Wednesday, January 3, 2007

A Mission to Convert

H. Allen Orr's review essay in The New York Review of Books focuses on The God Delusion by Richard Dawkins
Indeed, one needn't be a creationist to note that Dawkins's argument suffers at least two potential problems. First, as others have pointed out, if he is right, the design hypothesis essentially must be wrong and the alternative naturalistic hypothesis essentially must be right. But since when is a scientific hypothesis confirmed by philosophical gymnastics, not data? Second, the fact that we as scientists find a hypothesis question-begging--as when Dawkins asks "who designed the designer?"--cannot, in itself, settle its truth value. It could, after all, be a brute fact of the universe that it derives from some transcendent mind, however question-begging this may seem.
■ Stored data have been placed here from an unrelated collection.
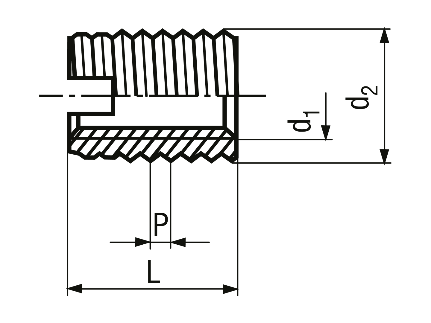 2. 将衬套旋入装配工具并垂直攻入孔心 (衬套会自行攻出螺纹)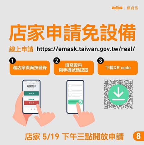 5月19日15:00起,就能線上申請登錄店家資訊,登錄完就能獲得QRcode讓客人掃描登記。
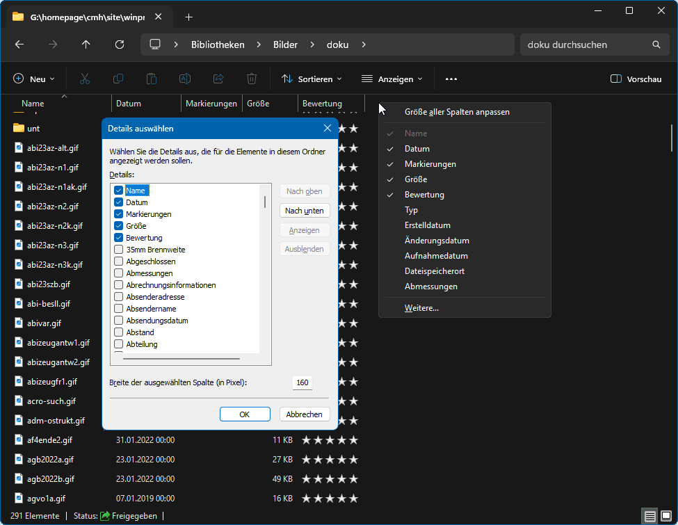 Über den Schalter Anzeigen stellen Sie die Layout- und Ansichtsoptionen ein (s.l.u.; gelb markiert). Gerade sind Details gewählt. In der Option Einblenden (pinkfarben markiert) sind i.d.R. die Einstellungen Navigationsbereich, Kompakte Ansicht und Dateinamenserweiterungen anzeigen angehakt. In Listendarstellungen mit Tabellenkopf können Sie durch Rechtsklick in den Tabellenkopf weitere Spalten anzeigen lassen (s.r.o.) und dort über weitere das Fenster Details auswählen aufrufen, um zusätzliche einzublendende Spalten zu bestimmen. Die dort angebotene Liste ist sehr lang! ∘ Schnellwechsel der Ansicht
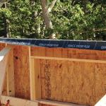 One added benefit of the deep truss walls is shading. I kept the windows in plane with the Zip wall sheathing. In summer, when the sun angle is high and the heating potential is the greatest, the overhangs keep most of the sun off the windows.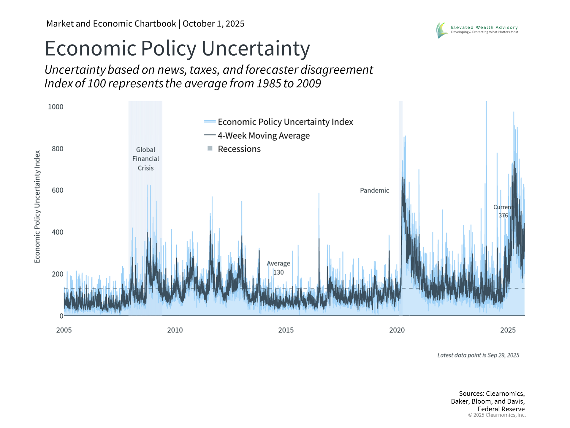 After significant volatility driven by tariffs and taxes earlier this year, measures of economic policy uncertainty have improved. The VIX index of stock market volatility is hovering around 16.3, below the long run average of 18, while the MOVE index of bond market volatility has declined to 78, below the average of 87. As many long-term investors know, periods of market calm can change quickly. The last several years have experienced many episodes of heightened volatility due to inflation, trade wars, Washington policy, the Fed, recession fears, geopolitical conflicts, and more. The current government shutdown is but the latest event that could rattle markets in the short run, even if the long run effects are limited. Similarly, the outcome of tariff policies and the impact on inflation remain uncertain. For investors, this uncertainty may feel uncomfortable, but it's also what drives long-term portfolio outcomes. The last several years also highlight the difference between what investors feared and how markets actually performed. Rather than viewing uncertainty as something to avoid, successful long-term investors recognize it as a feature of markets that creates the opportunity to position portfolios for the years ahead. The bottom line? As the final quarter of the year begins, markets are near all-time highs amid conflicting economic signals. This environment underscores the importance of maintaining an appropriate asset allocation and staying focused on financial goals. | |||

What explanations we find satisfying might say more about us than about the explanations. Why, for example, is Dawkins so untroubled by his own (large) assumption that both matter and the laws of nature can be viewed as given? Why isn't that question-begging? ...

The answer to both questions can be found in the case of Kitzmiller v. Dover Area School District [139 pp. pdf] where the court summarized the pertinent scientific dogma.
However, we believe that arguments against evolution are not arguments for design. Expert testimony revealed that just because scientists cannot explain today how biological systems evolved does not mean that they cannot, and will not, be able to explain them tomorrow. (p. 72)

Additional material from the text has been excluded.